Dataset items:

%%

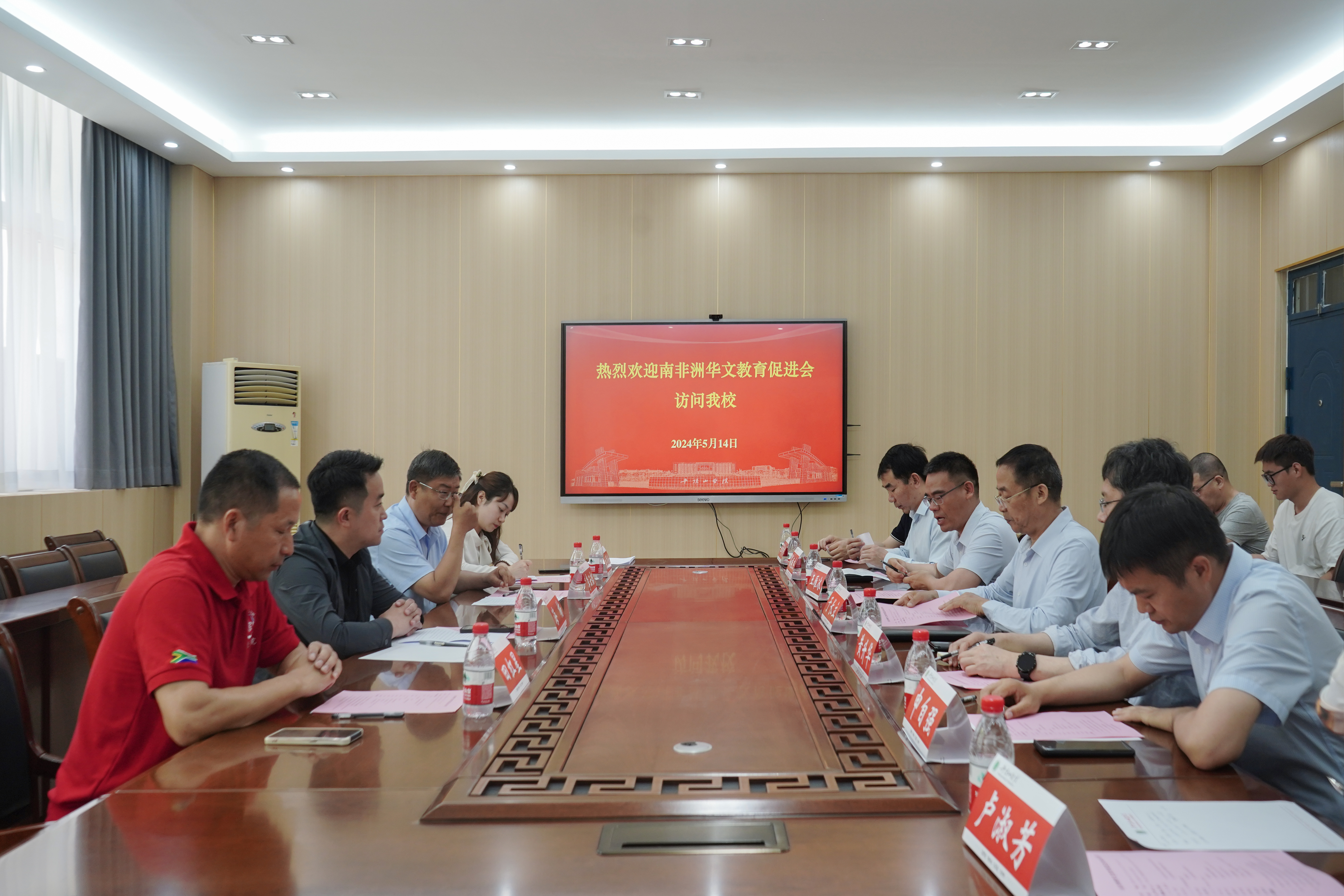 5月14日上午,南非洲华文教育促进会副会长海楠、南非树德书院教师代表田红星一行访问公司,并参加与公司共建实践教学基地签约仪式。平顶山市委统战部副部长李云韶、公司副董事长于长立,党委统战部部长黄升华,公司党委书记、经理孙振杰以及国际中文教育团队师生代表共同参加活动。仪式由国际交流与合作中心主任王雁冰主持。
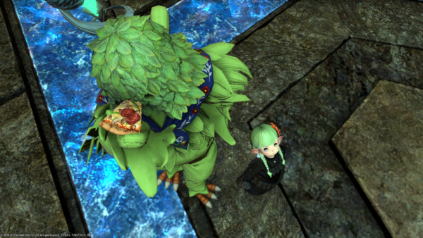 サボテンダーのダンス?のエモートを披露するフリーカンパニーメンバーさん。
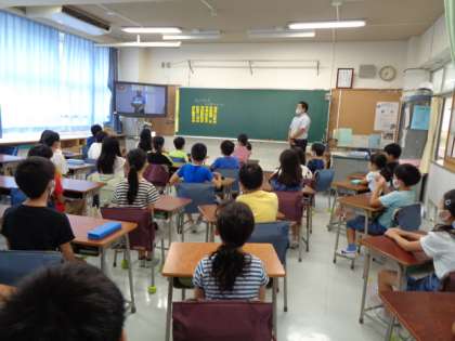短かった夏休みが終わり、今日から2学期です。TV放送での始業式では、校長先生から耳+目、心で「聴く」をめあてに頑張って欲しいというお話がありました。また、3人の代表児童は1学期に頑張ったことや2学期の目標について等、とても落ち着いて発表できました。
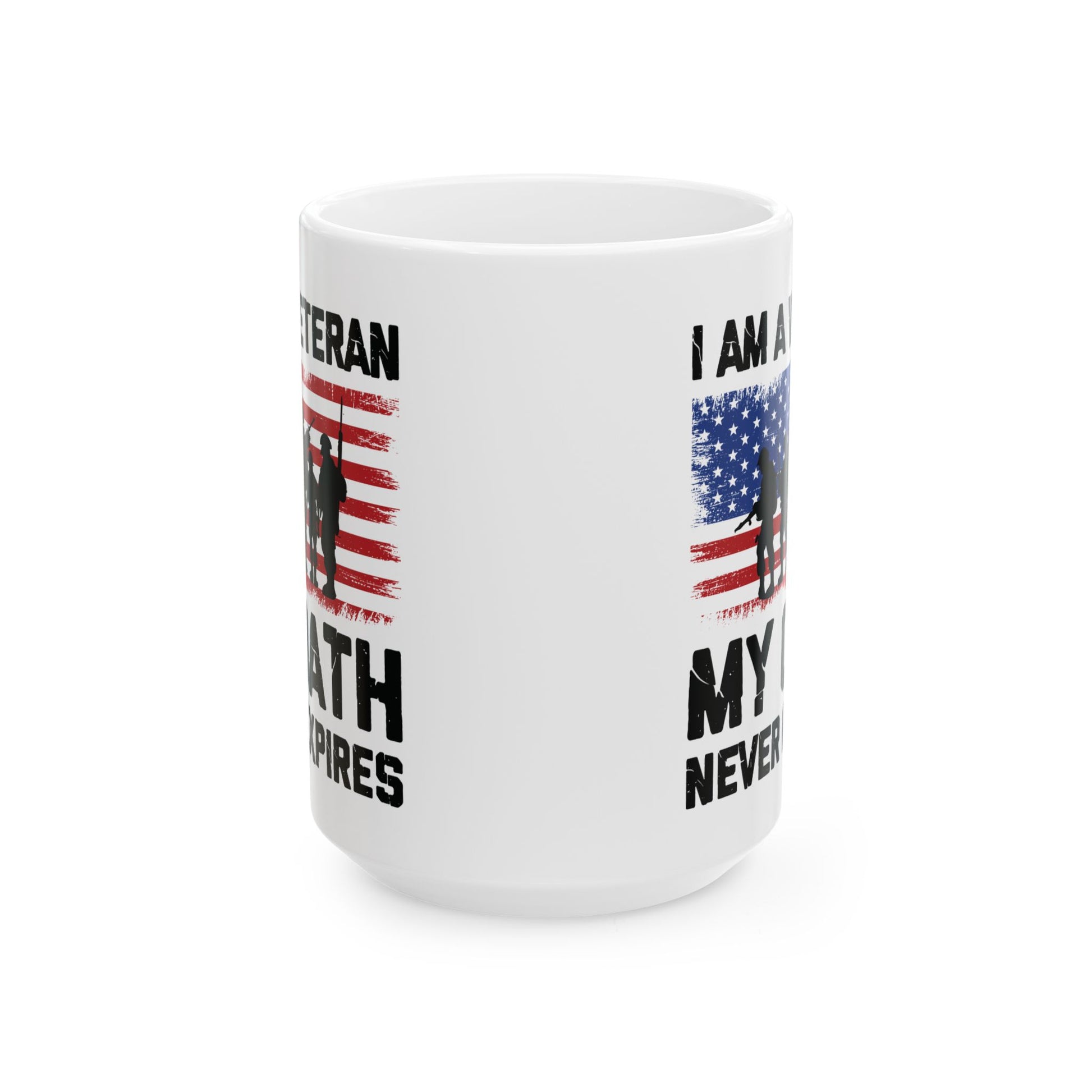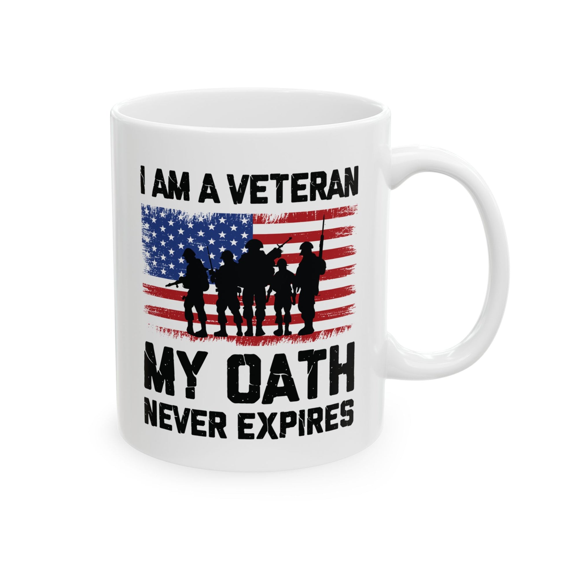 Celebrate patriotism and service with this white ceramic mug proudly featuring the bold declaration “I Am a Veteran, My Oath Never Expires.” The design showcases brave soldiers standing in front of a distressed American flag – a strong tribute to the enduring commitment of our military heroes.
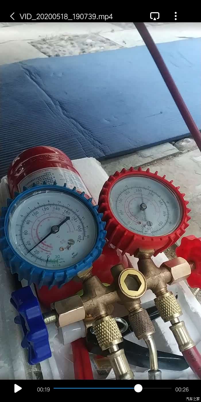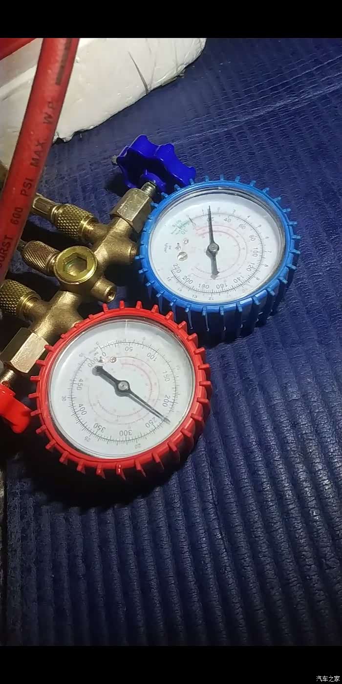 我赶紧关闭阀门 停了发动机 测了下 的确氟利昂加多了 加了900g 前后空调的是950g 单空调的是750-800g 但是想想也不对 多加了10%有这么大反应么?
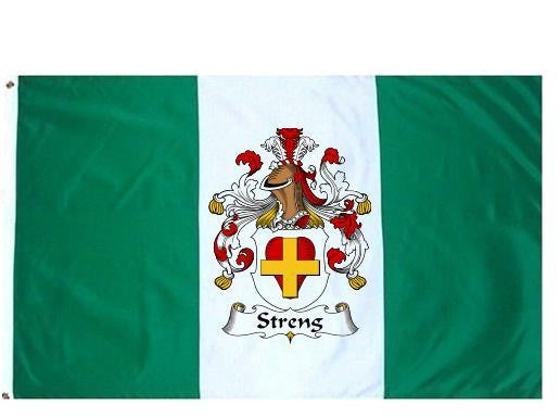 Streng Family Crest Flag / Coat of Arms Flag. You will receive a high quality 3' x 5' Polyester flag with two brass grommets. Proudly display your family heritage with this flag, or hang as a banner on a wall. Our flags make great gifts for birthdays, weddings, anniversaries, fathers day, mothers day, groomsmen gifts, and any other occasion
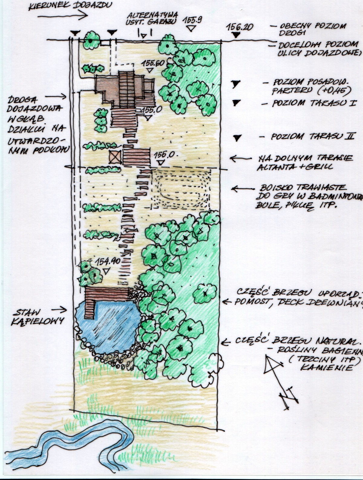 Szkic zagospodarowania trudnej, podmokłej działki w okolicach Mszczonowa.
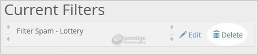 4. Under "Current Filters" You can see all of your existing filters, Click on "Delete" next to the appropriate one.
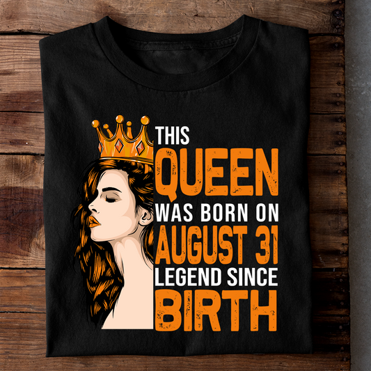 THIS QUEEN WAS BORN ON AUG 31 LEGEND SINCE BIRTH LUXURY TSHIRT
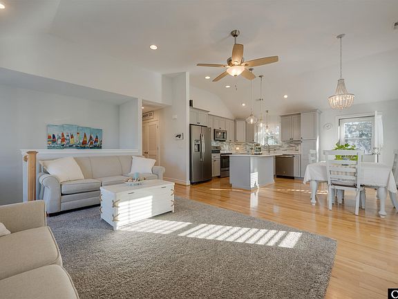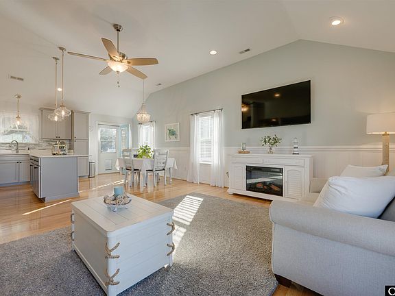 You will love this light-filled, secluded home within walking distance of Bay Drive and Kitty Hawk Bay! The owners have meticulously maintained this home and added a storage shed, fencing and multiple outdoor areas. Walk-in to the first level and there is a recreation/TV room with a wet bar that has a quartz countertop, floating shelves, and icemaker.  Definitely a great area to entertain. With the additional bedroom and full bath on this level, the area could be a mother-in-law suite or guest suite area. As you walk upstairs to an open great room notice the beautiful wood flooring on the stairs and throughout the upper level. The Great Room has an abundance of light with kitchen, dining and living areas. You will find a modern kitchen with an large island, stainless steel appliances and quartz countertop. Plenty of room to prepare a meal, entertain guests and watch TV. This area has access to a covered deck to where you can sit and enjoy the afternoon sun and a back deck. As you continue down the hallway the Owners Suite on the right includes a walk-in closet, tiled shower, quartz countertop and ceramic tile floor. There is a guest room with access to it's own full bath.  The laundry closet off the hallway provides convenient access for towels and linens. Notice the wood trim, light colors and upscale finishes throughout the home.

%%

• Problem description
Output the entries exactly and keep every picture out of them.

• Response for this exercise
 5月14日上午,南非洲华文教育促进会副会长海楠、南非树德书院教师代表田红星一行访问公司,并参加与公司共建实践教学基地签约仪式。平顶山市委统战部副部长李云韶、公司副董事长于长立,党委统战部部长黄升华,公司党委书记、经理孙振杰以及国际中文教育团队师生代表共同参加活动。仪式由国际交流与合作中心主任王雁冰主持。
 サボテンダーのダンス?のエモートを披露するフリーカンパニーメンバーさん。
短かった夏休みが終わり、今日から2学期です。TV放送での始業式では、校長先生から耳+目、心で「聴く」をめあてに頑張って欲しいというお話がありました。また、3人の代表児童は1学期に頑張ったことや2学期の目標について等、とても落ち着いて発表できました。
 Celebrate patriotism and service with this white ceramic mug proudly featuring the bold declaration “I Am a Veteran, My Oath Never Expires.” The design showcases brave soldiers standing in front of a distressed American flag – a strong tribute to the enduring commitment of our military heroes.
 我赶紧关闭阀门 停了发动机 测了下 的确氟利昂加多了 加了900g 前后空调的是950g 单空调的是750-800g 但是想想也不对 多加了10%有这么大反应么?
 Streng Family Crest Flag / Coat of Arms Flag. You will receive a high quality 3' x 5' Polyester flag with two brass grommets. Proudly display your family heritage with this flag, or hang as a banner on a wall. Our flags make great gifts for birthdays, weddings, anniversaries, fathers day, mothers day, groomsmen gifts, and any other occasion
 Szkic zagospodarowania trudnej, podmokłej działki w okolicach Mszczonowa.
 4. Under "Current Filters" You can see all of your existing filters, Click on "Delete" next to the appropriate one.
 THIS QUEEN WAS BORN ON AUG 31 LEGEND SINCE BIRTH LUXURY TSHIRT
 You will love this light-filled, secluded home within walking distance of Bay Drive and Kitty Hawk Bay! The owners have meticulously maintained this home and added a storage shed, fencing and multiple outdoor areas. Walk-in to the first level and there is a recreation/TV room with a wet bar that has a quartz countertop, floating shelves, and icemaker.  Definitely a great area to entertain. With the additional bedroom and full bath on this level, the area could be a mother-in-law suite or guest suite area. As you walk upstairs to an open great room notice the beautiful wood flooring on the stairs and throughout the upper level. The Great Room has an abundance of light with kitchen, dining and living areas. You will find a modern kitchen with an large island, stainless steel appliances and quartz countertop. Plenty of room to prepare a meal, entertain guests and watch TV. This area has access to a covered deck to where you can sit and enjoy the afternoon sun and a back deck. As you continue down the hallway the Owners Suite on the right includes a walk-in closet, tiled shower, quartz countertop and ceramic tile floor. There is a guest room with access to it's own full bath.  The laundry closet off the hallway provides convenient access for towels and linens. Notice the wood trim, light colors and upscale finishes throughout the home.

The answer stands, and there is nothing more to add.